I distinctly remember my professor in my first political science class explaining that we needed to learn about dictators, so we would be prepared to prevent history from repeating itself.

Wow, was she right.  

But I never thought that what I learned about Hitler and Stalin would come full circle back in the 21st century. In fact, we’re hearing echoes of “Uncle Joe” from the current Russian leadership, so let’s look at some major takeaways from the latest autocrat.

Know your history

Every Russian leader looked towards the west with envy, and Peter’s great city, St. Petersburg, was to rival the great European capitals. It’s also from where the current ruler hails. Peter the Great, Catherine the Great, Lenin, Stalin, and Brezhnev – the story of Russia is littered with strong men, and women. The latest incarnation falls in line, but revolution is another lesson from Russian history.

Keep your friends close, and your enemies closer

It’s said that Stalin slept with a copy of Machiavelli’s The Prince by his bedside. Perhaps it’s passed
down from Russian leaders like America’s Book of Secrets. But if the Russian autocrat truly heeded
the advice of the great military strategist Sun Tzu, who coined the above phrase, then he would understand: “Victorious warriors win first and then go to war, while defeated warriors go to war first and then seek to win.”  

The question emerges whether those close around the current ruler, who are at best transactional friends, will turn on current leadership when their coffers are no longer filled.

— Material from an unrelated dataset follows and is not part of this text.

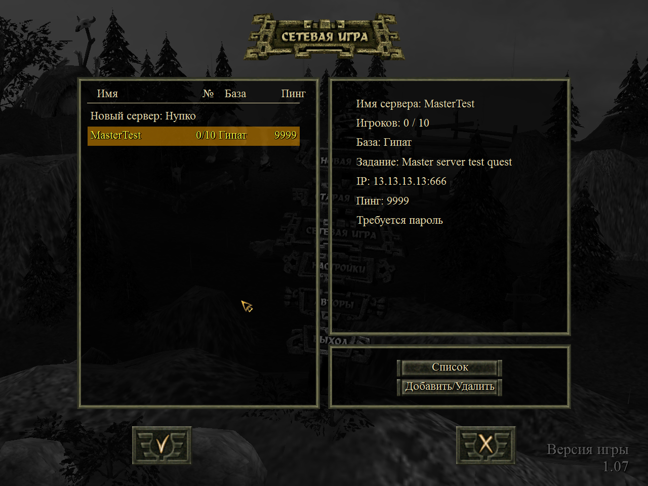 до установки вашего патча я видел созданные игры. теперь не вижу ничего кроме пустого и запароленного мастерсервера.

When in doubt, blame others

It was the Germans (with good reason). It was the Cossacks. And now it’s the Ukrainians. As history repeats itself, today’s rallying cry is about the denazification of Ukraine. Villainizing your enemy is right out of the autocrat’s playbook. It sounds much better than blatantly admitting imperial aims. That might have worked in the days of Peter the Great, but no one buys it today. There’s no Great War to rally your people like Stalin did, there’s no great cause for the equality of working people like Lenin fought, but instead we have man’s worst instincts at play – good old fashioned aggression.

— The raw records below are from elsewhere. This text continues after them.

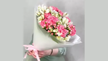 Нежный букет из белых альстромерий, коралловых гвоздик, розовых ягод гиперикума в стильной дизайнерской упаковке. Состав: Альстромерия - 6 шт. Гиперикум - 4 шт. Гвоздика - 9 шт. Лента атласная - 2 шт. Упаковка дизайнерская - 1 шт.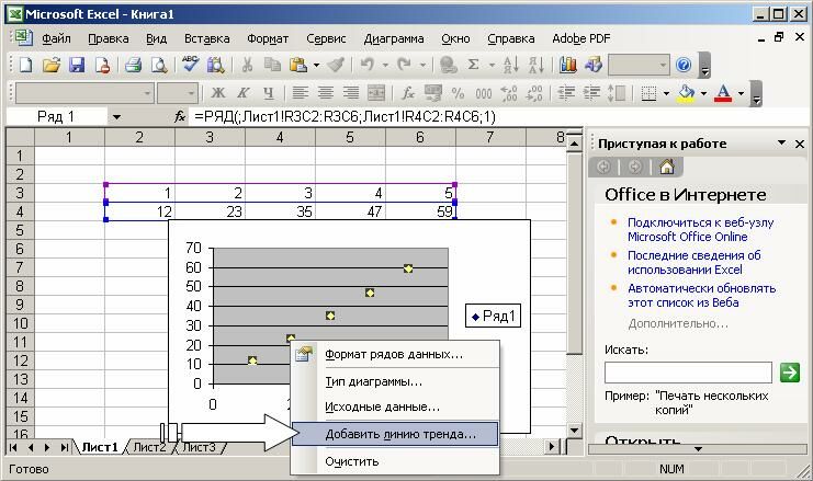 При обработке результатов измерений достаточно часто возникает вопрос о тенденции развития или изменения. В Excel этот вопрос решается при помощи определения тренда. Линии тренда графически иллюстрируют тенденцию изменения рядов данных. Они обычно используются в тех случаях, когда нужно построить диаграммы для задач прогнозирования и экстраполяции (так называемых задач регрессионного анализа). С помощью регрессионного анализа можно продолжить линию тренда вперед или назад, экстраполировать ее за пределы, в которых данные уже известны, и показать тенденцию их изменения. Для построения линии тренда активизируйте ряд данных, после чего нажмите правую клавишу мыши. В появившемся списке команд выберите Добавить линию тренда, а затем в соответствующем окне диалога - рисунок с линейным трендом.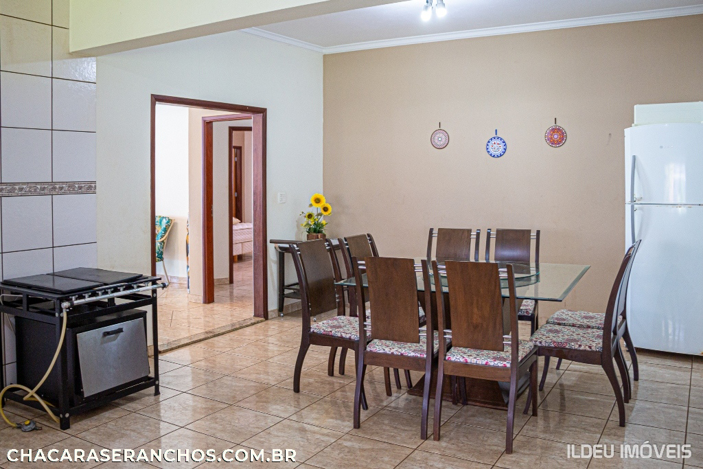 CASA COM 05 DORMS, SENDO 02 SUÍTES MAIS 01 WC SOCIAL, SALA DOIS AMBIENTES. ÁREA DE LAZER COM PISCINA ADULTA, CHURRASQUEIRA ALVENARIA, FOGÃO E FORNO A LENHA, 02 WC. SALÃO CAPACIDADE P/ 60 PESSOAS ACOMODAÇÕES 20 PESSOAS ENTRE CAMA E COLCHÃO.

Don’t bring a knife to a gunfight

If you’re going into a country, you better do it fast and with overwhelming force. Didn’t they see Colin Powell’s press conferences during the Persian Gulf War? Of course, when you’ve been siphoning off funds from your military to hook up your friends with yachts and mega-mansions, you may not have that lethal weaponry after all. 

And, please, enough with the saber rattling. We really don’t think the Russians are serious about nuking New York City, and any rational actor knows that’s end of days nonsense. Enough with the irresponsible rhetoric.

Democracy is messy, but it’s better than any other system in the world

The American experiment may have its flaws, but it’s the best system in the world. Look to the East today and witness lockdowns in Shanghai and Beijing. “Control your thirst for freedom” is blasted from drones overhead in the streets. Imagine that in America? We revolt over masks.

So, cut your losses, and run

When it’s fight or flee, and fighting no longer works, it’s time to cut a deal for our Russian comrades.  

A nice dacha in Cuba is preferable to a bullet in a bunker.